The SQLite layer provides:

Full-text search (FTS5): All entity titles and bodies are indexed for fast jjj search queries.
Relational indexes: Foreign-key relationships (solutions to problems, critiques to solutions, problems to milestones) enable fast lookups without scanning files.
Semantic embeddings: Optional vector embeddings stored alongside entities for similarity search.
Schema versioning: The database self-manages its schema version (currently v5) and automatically rebuilds when the schema changes or if an interrupted sync left it in a dirty state.

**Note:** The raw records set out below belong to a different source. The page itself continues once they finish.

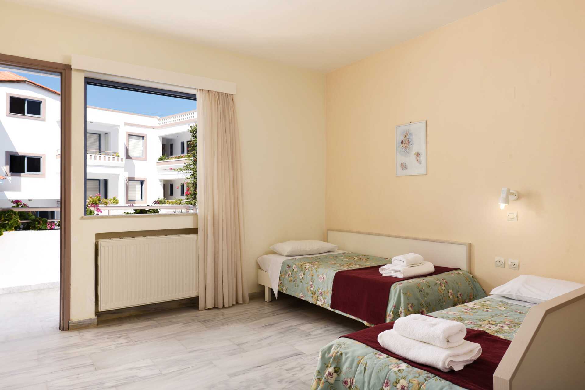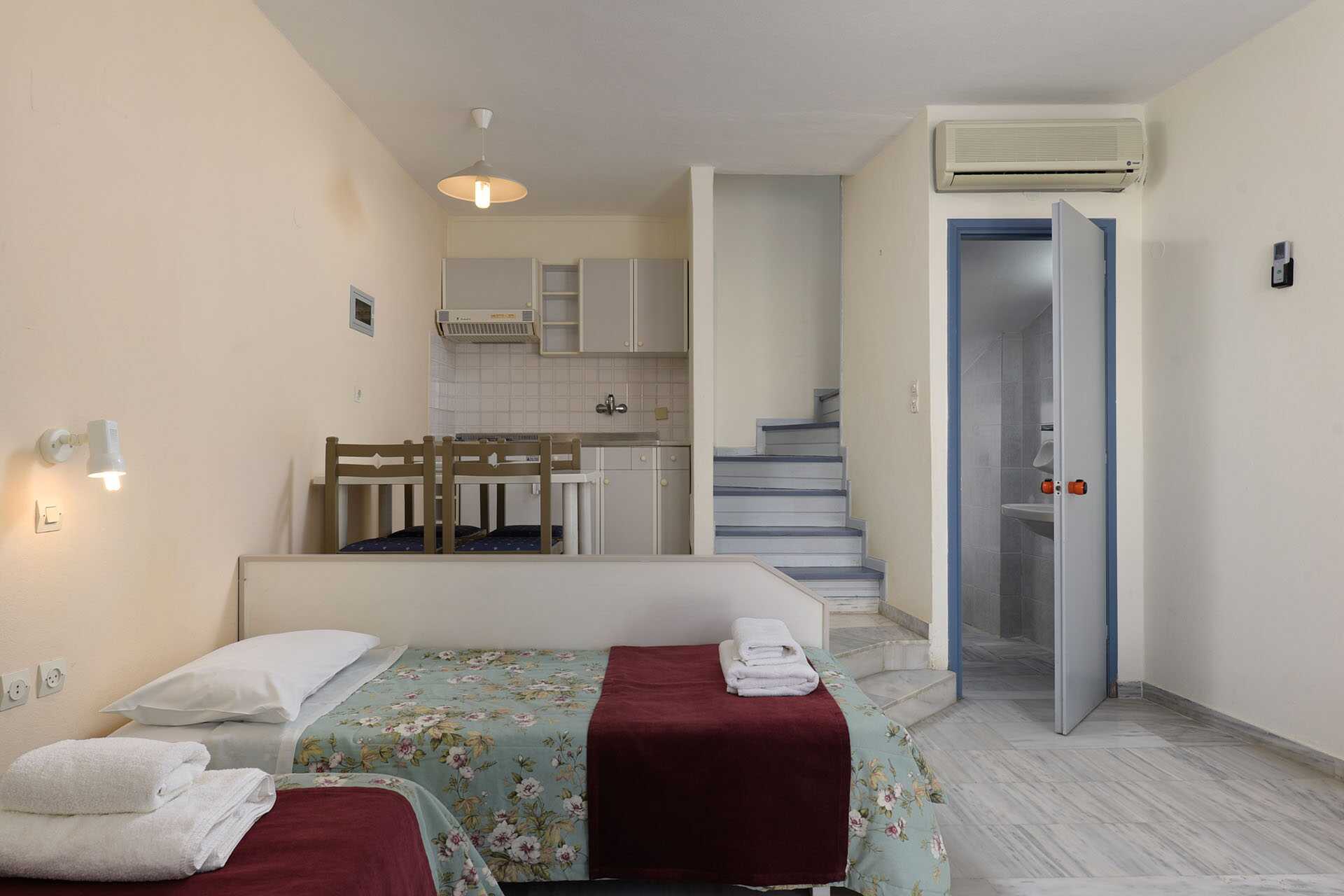 Ettromsleilighet med balkong eller terrasse. Minikjøkken. To enkeltsenger. Mulig med ekstraseng i sovesofa. Minikjøkken med kokeplater, kjøleskap, vannkoker og enkelt kjøkkenutstyr. Wifi og luftkondisjonering er inkludert. Safe mot avgift. TV. Hårføner. Dusj og wc. Rengjøring 6 ggr/uke.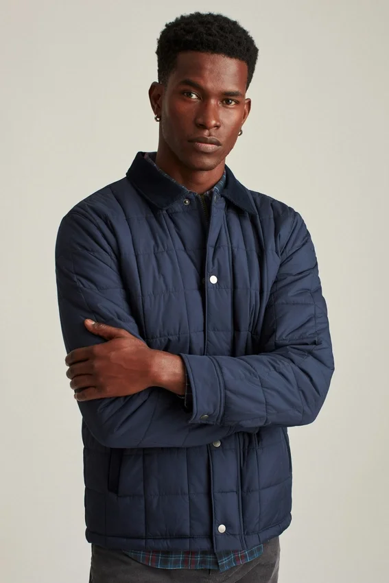 The Quilted Barn Jacket is Designed for Extra Warmth with Water-Resistant Material and Features Corduroy Detailing for Extra Style.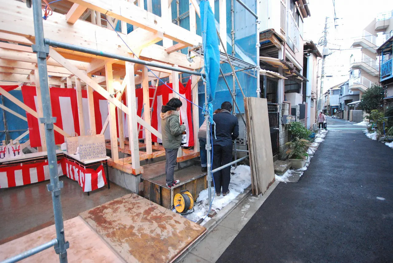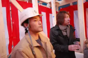 1/24(火) 上棟式の準備がギリギリ間に合い設計部リーダー、仕入部リーダーも駆けつけてくれましたよ。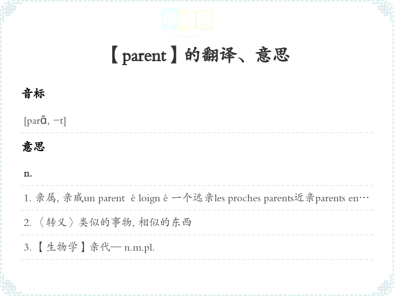 【parent】 联想:、 近义词:、 反义词: 联想词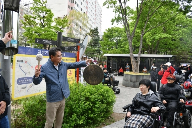 전동휠체어를 타고 행사에 참가한 우 협회장은 “잔디광장 출발점에서 공릉동 도깨비시장까지 다녀오는 3㎞ 구간 코스도 1시간 안에 거뜬히 다녀왔다”며 웃었다. 이날 500여명의 참가자는 맞춤형 3개 코스 중 하나를 완주했다.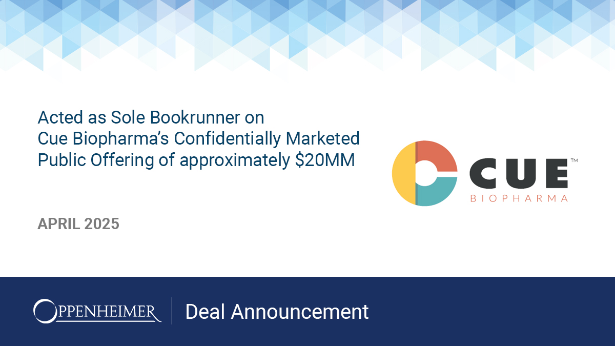 Oppenheimer & Co. Inc. acted as Sole Bookrunner on Cue Biopharma’s Confidentially Marketed Public Offering of approximately $20MM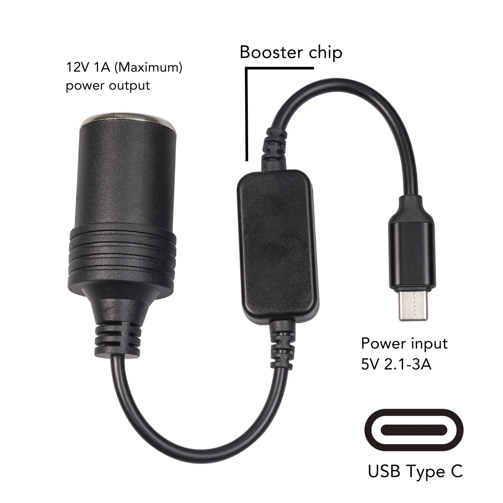 5V USB C Male to 12V Car Cigarette Lighter Female Power Adapter Converter for Car Electronics Accessories 11.8in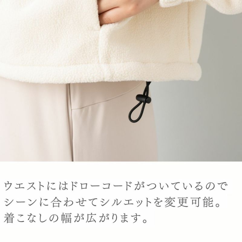 フリース素材なので、寒い時期の移動にピッタリです。ウエストにはドローコードがついているのでお好みでウエストや裾に丸みを持たせたシルエットや、丈を短く見せるなど、着こなしの幅が広がります。また、絞ることで冷たい空気の侵入を防ぎ、内側の暖かい空気を逃がしにくくします。少し短めの丈感なのでハイウエストのボトムスと合わせることで脚長効果も。・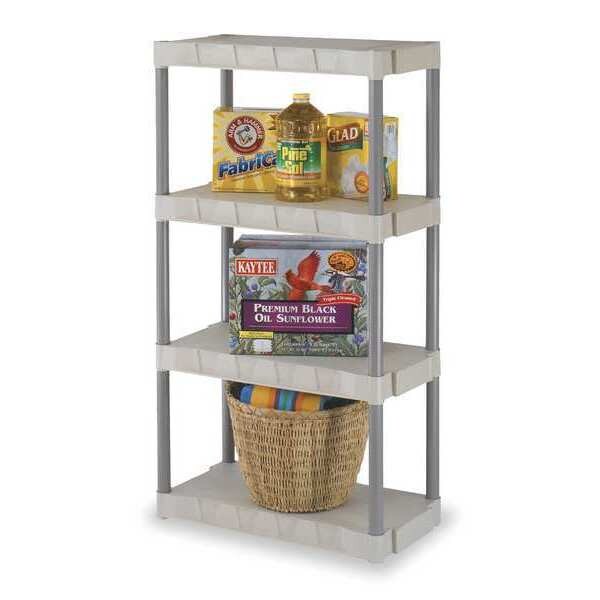 Plastic Shelving, Tan, Overall Depth 16 in, Overall Height 56 in, Overall Width 31 in, Shelf Style Solid, Shelving Material Polypropylene, Number of Drawers 0, Includes (4) Shelves, (12) Shelf Supports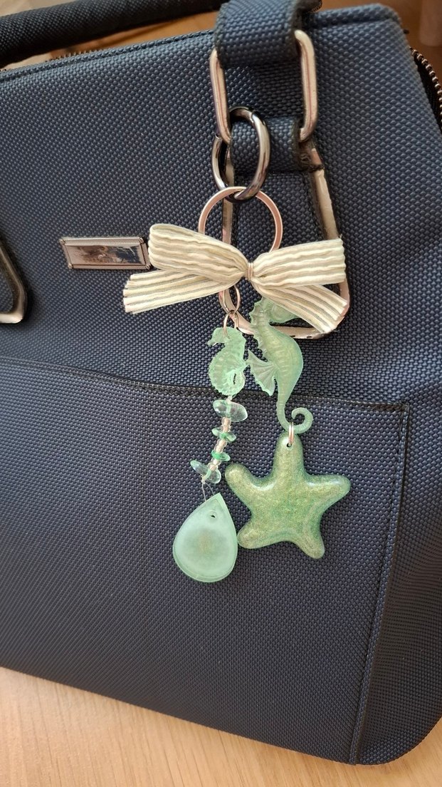 Bohem tarzda, pastel su yeşili renkli deniz temalı figürler ve krem fiyonk ile süslenmiş taş detaylı anahtarlık.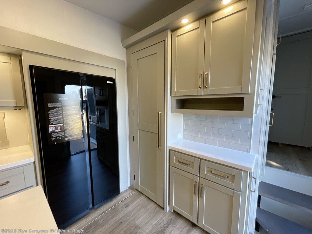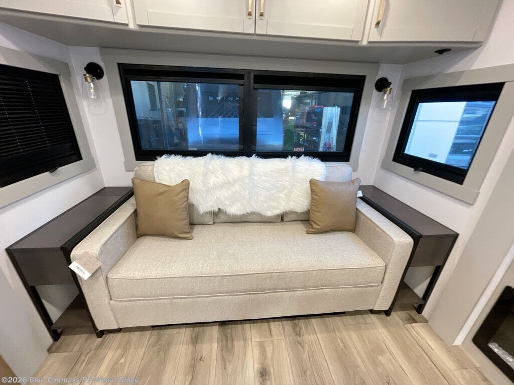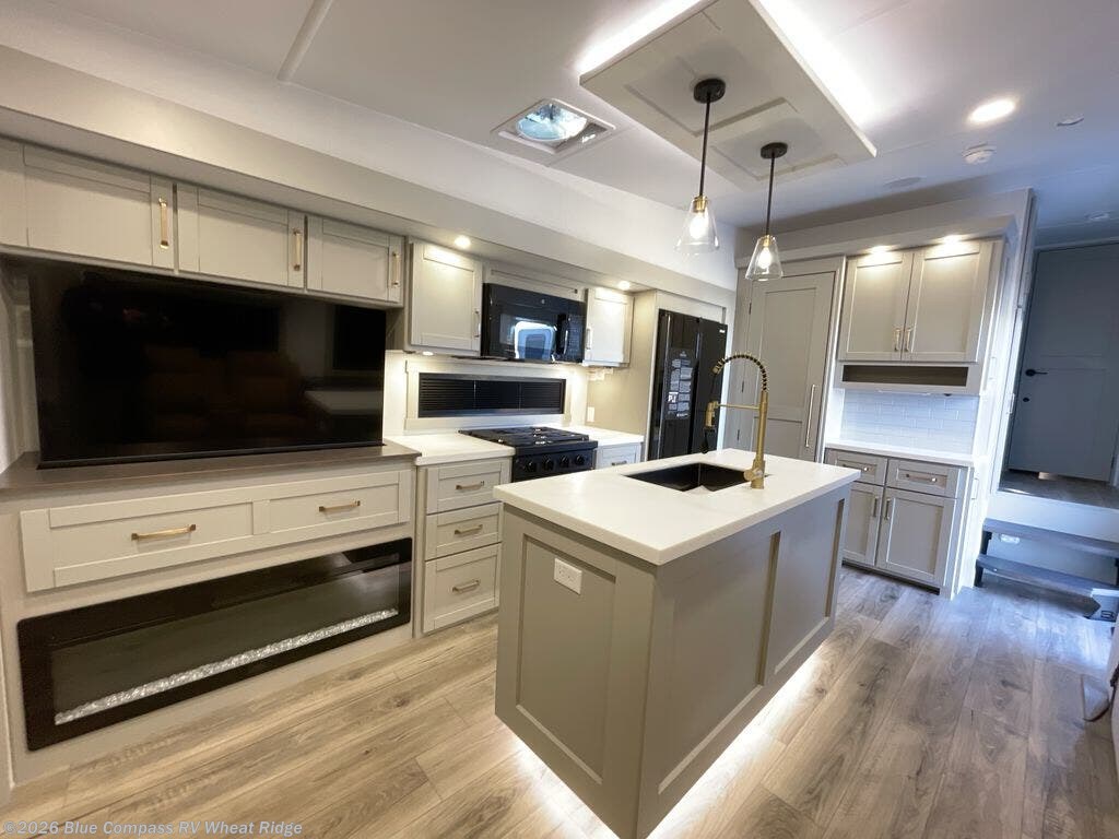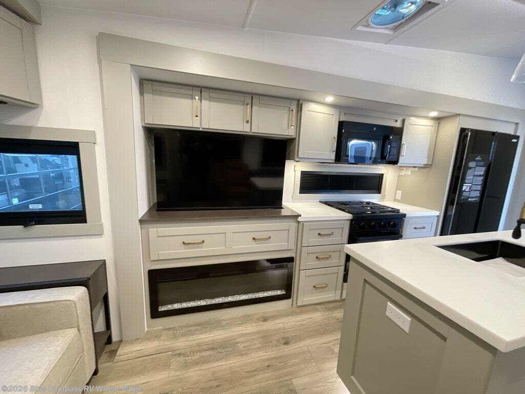 You're going to love every minute spent in this spacious fifth wheel that can sleep four. There is an inviting rear living area with a 72" tri-fold sofa and theater seating across from the televator and fireplace. The chef of your group can whip up dinner on the three burner cooktop or in the 30" residential microwave, and there is a 16 cu. ft. refrigerator that even opens when with the slide out is in. You will also enjoy the kitchen island with a farmhouse sink and roller cover, dual trash bins with a Stow N' Go paper towel holder, plus convenient dog bowls for your furry friends. You can store all your paper goods and snacks in the 84" pantry with adjustable shelving, and there is a hutch for nice dishes plus shoe storage in this model as well. Head to the front master bedroom where you'll find a queen bed with a TV, a large slide out with a wardrobe with drawers, plus a spacious bath.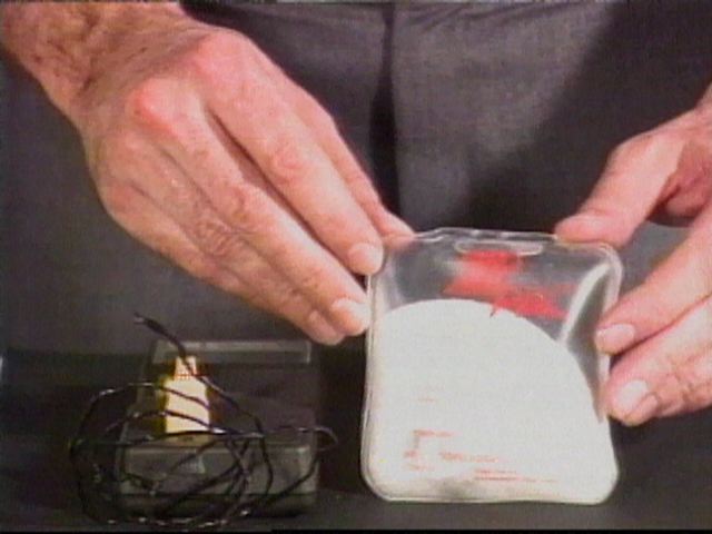 Now a commercial application of this crystallization process is shown. A metal disc is manipulated inside a sealed plastic bag holding the sodium acetate solution. This causes the sodium acetate to crystallize. The digital thermometer shows that the temperature of the heating pack has gone up significantly from room temperature. This heating pack provides an easily portable method of having heat available whenever and wherever it is needed.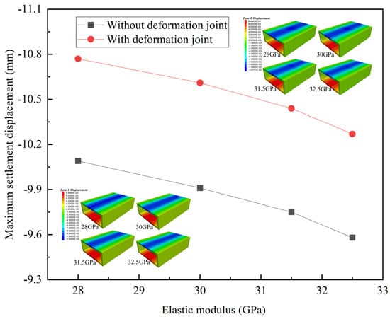 In Figure 18, when without deformation joints, the elastic modulus of the structure increases, and the ability of the structure to resist deformation increases. The maximum settlement displacement of the structure decreases by 5.1% as the elastic modulus increases from 28 GPa to 32.5 GPa. With deformation joints, the maximum settlement displacement increases by 7.2% under an elastic modulus of 32.5 GPa. The growth magnitude of the maximum settlement displacement increases with the increase in the elastic modulus.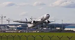Statek powietrzny wykonujący loty w sąsiedztwie lotniska oznacza m.in. statek wchodzący w krąg nadlotniskowy lub go opuszczający[1].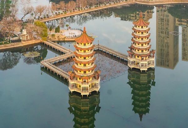 除了道路名字,其实这里还有很多和台湾省相关的社区。宝岛社区、高雄社区、和美社区、桃源里、澎湖公寓,还有一个宝岛公园。宝岛公园是参照台湾省高雄建筑模式建造的。公园湖心岛上的“龙虎塔”,也以台湾省高雄市的“龙虎塔”为原型仿造而成。还有网友说,公园里的湖心岛形似缩小版的台湾岛。

The database is populated by reading all markdown files and events.jsonl from the shadow graph, then inserting them into SQLite tables. This happens automatically when the database is missing or outdated.

GitHub Sync Fields

Entities include optional fields for bidirectional GitHub synchronization:

Problems: github_issue — linked GitHub issue number
Solutions: github_pr (pull request number), github_branch (remote branch name)
Critiques: github_review_id — linked GitHub review ID

These fields are stored in both the YAML frontmatter (canonical) and the SQLite cache (indexed). The jjj github command uses the gh CLI to push and pull state between the shadow graph and GitHub Issues/PRs.

Backup and Recovery

Export Metadata

# Full backup
jj git bundle create jjj-backup.bundle -r jjj

# Or use plain git
cd .jj/jjj-meta
git bundle create ~/jjj-backup.bundle --all

Restore Metadata

# Restore from bundle
jj git bundle unbundle jjj-backup.bundle
jj bookmark set jjj -r <restored-commit>

Reset Metadata

If metadata gets corrupted:

# Option 1: Reset to earlier state
jj bookmark set jjj -r <earlier-commit>

# Option 2: Delete and reinitialize
jj bookmark delete jjj
jjj init

Your project code is never affected! The shadow graph is completely separate.

Advantages

vs. Git Notes

Git notes have problems:

Not pushed by default
Easy to lose
No history
Awkward APIs

jjj’s shadow graph:

✅ Pushed with git push --all
✅ Full commit history
✅ Standard jj operations

vs. GitHub Issues / JIRA

External tools require:

❌ Internet connection
❌ Account/authentication
❌ Separate data store
❌ API rate limits

jjj:

✅ Works offline
✅ Lives in your repo
✅ No external dependencies
✅ Infinite scalability

vs. Text Files in Repo

Storing .md files in project:

❌ Pollutes history
❌ Merge conflicts with code
❌ Clutters working directory

Shadow graph:

✅ Clean project history
✅ Independent merge conflicts
✅ Hidden from code directory

Future Enhancements

Planned Improvements

Compression: Use zstd for large datasets
Partial clone: Fetch only recent metadata
Garbage collection: Prune old review data

Compatibility

The storage format is designed to evolve:

YAML frontmatter allows schema evolution
Version field for migration
Unknown fields ignored

This means old jjj versions can read newer data (graceful degradation).

Summary

jjj’s storage layer uses a shadow graph (canonical markdown files on the jjj bookmark) plus a SQLite runtime cache (.jj/jjj.db) to achieve:

✅ Clean separation of metadata and code
✅ Atomic operations
✅ Offline-first workflow
✅ Standard git push/pull
✅ Easy backup and recovery
✅ Fast full-text search and relational queries via SQLite
✅ Optional GitHub sync via github_issue, github_pr, and github_review_id fields

The SQLite database is always derivable from the shadow graph and can be deleted or rebuilt without data loss. This is only possible because of Jujutsu’s flexible commit graph and workspace model!